Work request: Begin with the line below holding "4時間足水平線169.30円" and go on through the line holding "With the KBRA", duplicating each line exactly and leaving out pictures.

Data in this exercise:
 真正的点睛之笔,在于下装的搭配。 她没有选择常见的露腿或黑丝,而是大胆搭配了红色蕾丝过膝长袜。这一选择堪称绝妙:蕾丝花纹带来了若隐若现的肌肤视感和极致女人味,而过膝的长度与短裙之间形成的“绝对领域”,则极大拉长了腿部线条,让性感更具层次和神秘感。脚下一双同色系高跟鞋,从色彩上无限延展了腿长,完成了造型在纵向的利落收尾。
==
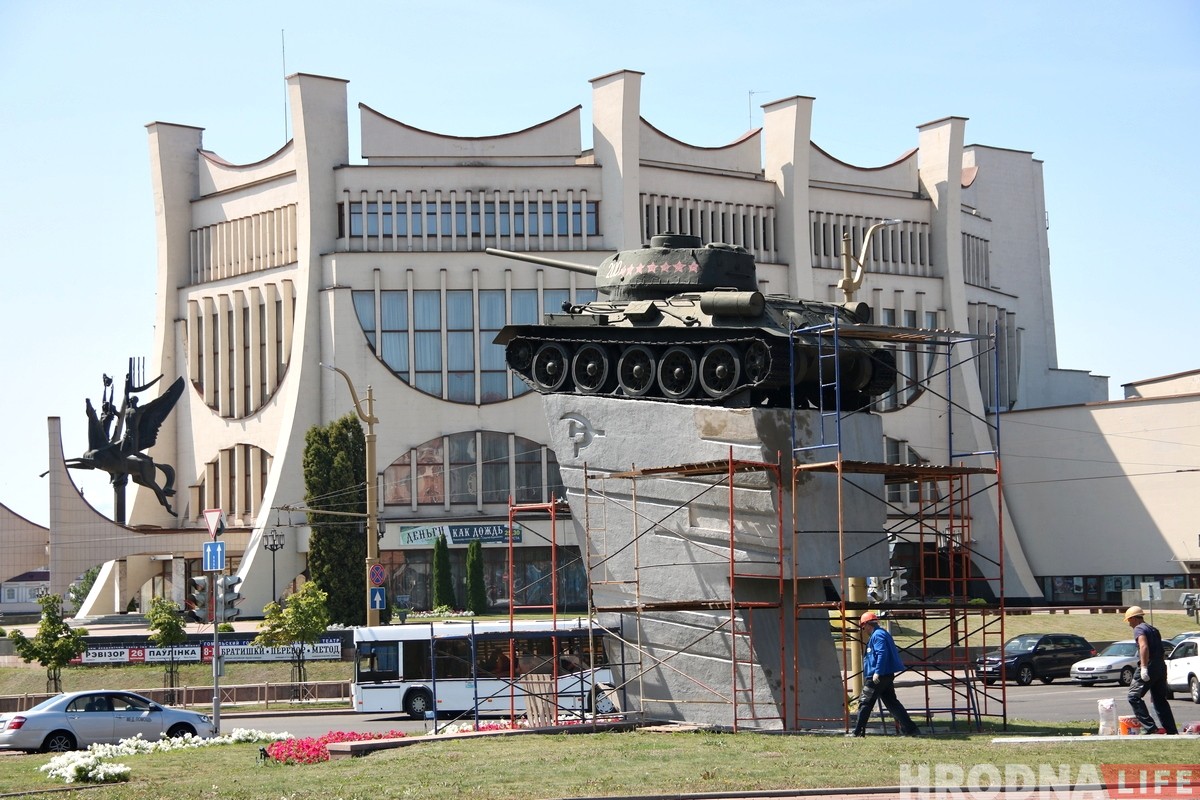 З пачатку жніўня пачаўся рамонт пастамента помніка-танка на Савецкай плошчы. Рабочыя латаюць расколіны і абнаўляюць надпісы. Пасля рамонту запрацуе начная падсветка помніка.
---
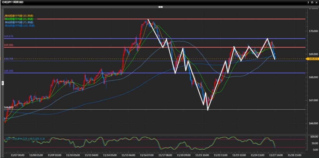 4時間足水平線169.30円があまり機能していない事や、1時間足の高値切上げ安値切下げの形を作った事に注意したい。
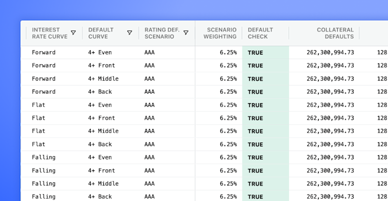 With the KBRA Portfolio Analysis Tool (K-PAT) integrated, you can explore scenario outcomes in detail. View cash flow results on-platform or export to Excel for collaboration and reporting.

Written solution:
 4時間足水平線169.30円があまり機能していない事や、1時間足の高値切上げ安値切下げの形を作った事に注意したい。
 With the KBRA Portfolio Analysis Tool (K-PAT) integrated, you can explore scenario outcomes in detail. View cash flow results on-platform or export to Excel for collaboration and reporting.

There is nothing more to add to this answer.